パン!エドガルドは手を打って音を出し、貴族たちを鎮める。


「今また、その思いを遂げるために陛下はファッジン辺境伯領に兵を向かわせようとしている。それは…辺境伯夫人、私の妹でもあるステファニアの身柄を拘束し、ファッジン辺境伯を従わせるためだ。私はこの地位に就くために妹を利用した。妹は私に利用され、国に利用され、今もまた陛下に利用されようとしている。先王はまだ生きている。妹もまだ辺境にいる。今しかない。もうこれ以上…私の仕えた陛下に罪を重ねて欲しくないのだ。止めて…止めてくれ…頼む…」

「これは証拠の品の一部だ。今は全て取り換えてある。こちらの書類は私費で鉛を購入する手続きをした書面だ。購入者は架空の人物となっているが、私費、購入の増減の流れ、そして私費を用立てるための署名、偽名の署名は陛下のものだ」

言い終えて膝から崩れ嗚咽を漏らすエドガルドの隣でカルロは先王の部屋で使用されていたランプと鉛購入に関わる書類をを貴族たちに見えやすいよう高く掲げた。貴族たちの視線が一気に集まるその場に1人だけ視線を向けないものがいた。
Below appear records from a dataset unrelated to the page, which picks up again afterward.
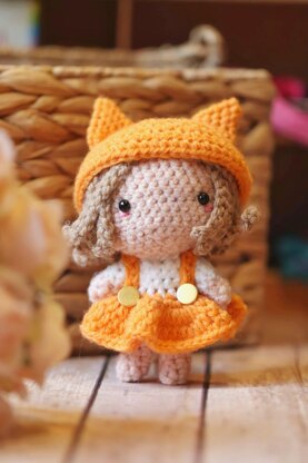 Kitsune the Fox Girl is an adorable miniature doll dressed like a fox. She’s perfect for gifting to children or as home decor. Basic stitches combined together make for a complex-looking but easy to make doll!
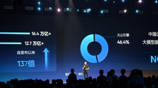 今日举办的火山引擎FORCE原动力大会现场,火山引擎总裁谭待表示,截至今年5月底,火山引擎豆包大模型tokens日均调用量已经达到16.4万亿,是发布时的137倍。根据IDC市场数据,火山引擎占据46.4%的市场份额。(新浪科技)
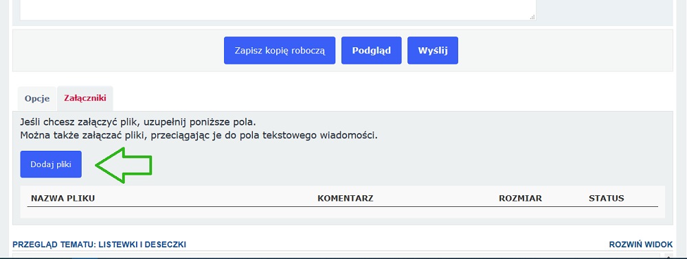 Pod edytorem, pod niebieskimi "przyciskami" m.in. Podgląd i Wyślij - szukaj Opcje i obok Załączniki
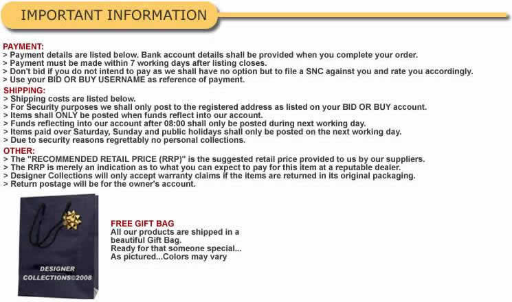 R35.00 Standard shipping using one of our trusted couriers applies to most areas in South Africa. Some areas may attract a R30.00 surcharge. This will be calculated at checkout if applicable. Check my rate
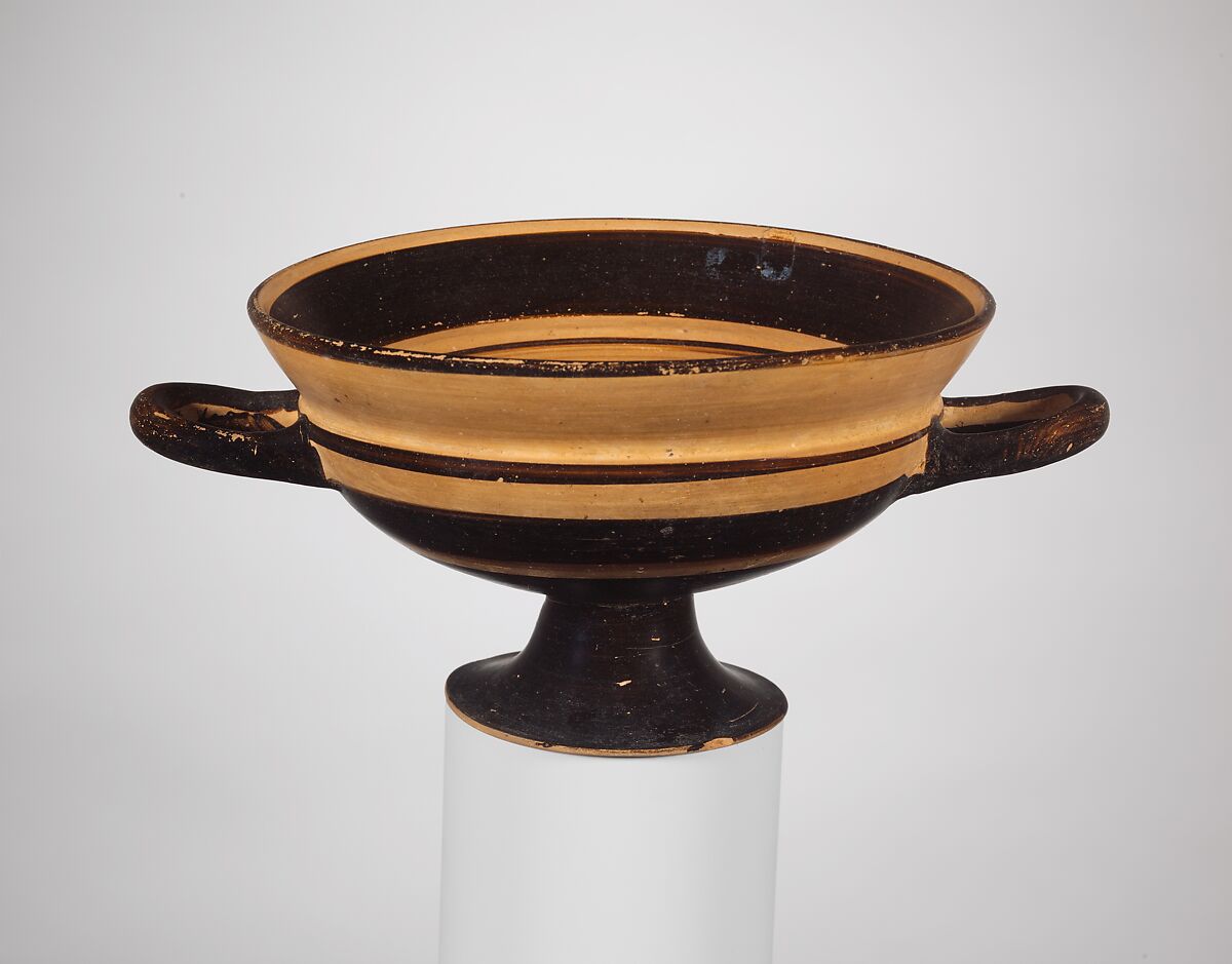 The shape is derived from Attic Little Master cups, specifically lip-cups. The finely executed concentric circles on the interior are characteristic of East Greek production.

王妃テレーザ、その目線の先にいるのは茫然となったレオポルドだった。

エドガルドは出来過ぎたのだ。処分しておけば闇に葬れたはずだった。
だが、アベラルドの領地からの鉛と言うアベラルドを蹴落とすために必要だった書面には偽名でもレオポルドの直筆でサインが入っている。100%ではないものの見る者が見れば誰が書いたか推測は出来るだろう。

――切ってはいけない男を切ってしまった――

レオポルドの最大の失敗だった。

「レオポルド様‥‥本当なのですか」
「違う…違うんだ…」
「本当…なのですね」

長い間、レオポルドを見てきたテレーザは悔んだ。
見て来たばかりにレオポルドの嘘が判ってしまう。

テレーザの手がレオポルドの肩に触れようとした瞬間、レオポルドの体は兵士によって両腕を抱えられてしまった。数名の貴族が影を作るとレオポルドはそのまま引きずられるように連行されていく。

「お待ちなさい。嫌疑の段階で不敬です。手を離しなさい」
「王妃殿下。陛下の身柄は――」
「不敬だと言っているのです。ファインド公爵」

テレーザの実家でもあるファインド公爵家。その当主はテレーザの父でもある。
しかしテレーザはハッキリとした口調で告げた。

「罪が罪であるならば、わたくしも同罪。喜んでこの首を差し出しましょう。しかし今はまだ陛下は国王陛下なのです。わたくしが付き添います。ファインド公爵、わたくしはまつりごとには法により関与出来ぬ立場、事の次第の判る貴方が適任と判断し後の事は王妃の名に於いて一任致します」

「承知…致しました」

レオポルドとテレーザが兵士と共に退出をしていく。
ヴァレリオはレオポルドに向かって言った。

「弟、妬んでも仕方ねぇだろ。半分でも血、繋がってんだろ?」
「・・・・」
「兄弟姉妹、異父でも異母でもいるんだからいいじゃねぇか。ま、それが原動力になったのかも知れないが、俺には叔父っていうジジィしかいねぇから勿体ねぇなって思うよ」
「そ…うだな…」

レオポルドはヴァレリオに向かって微笑んだ。



パタンと音を立てて扉が閉じればアベラルドがカルロに駆け寄った。

「カル――」

声をかけ、アベラルドの手はカルロまであと手のひら一つ分だった。


「さぁて。本日のメインディィーッシュを捌くとすっかぁ!」

ヴァレリオの声が部屋に響いた。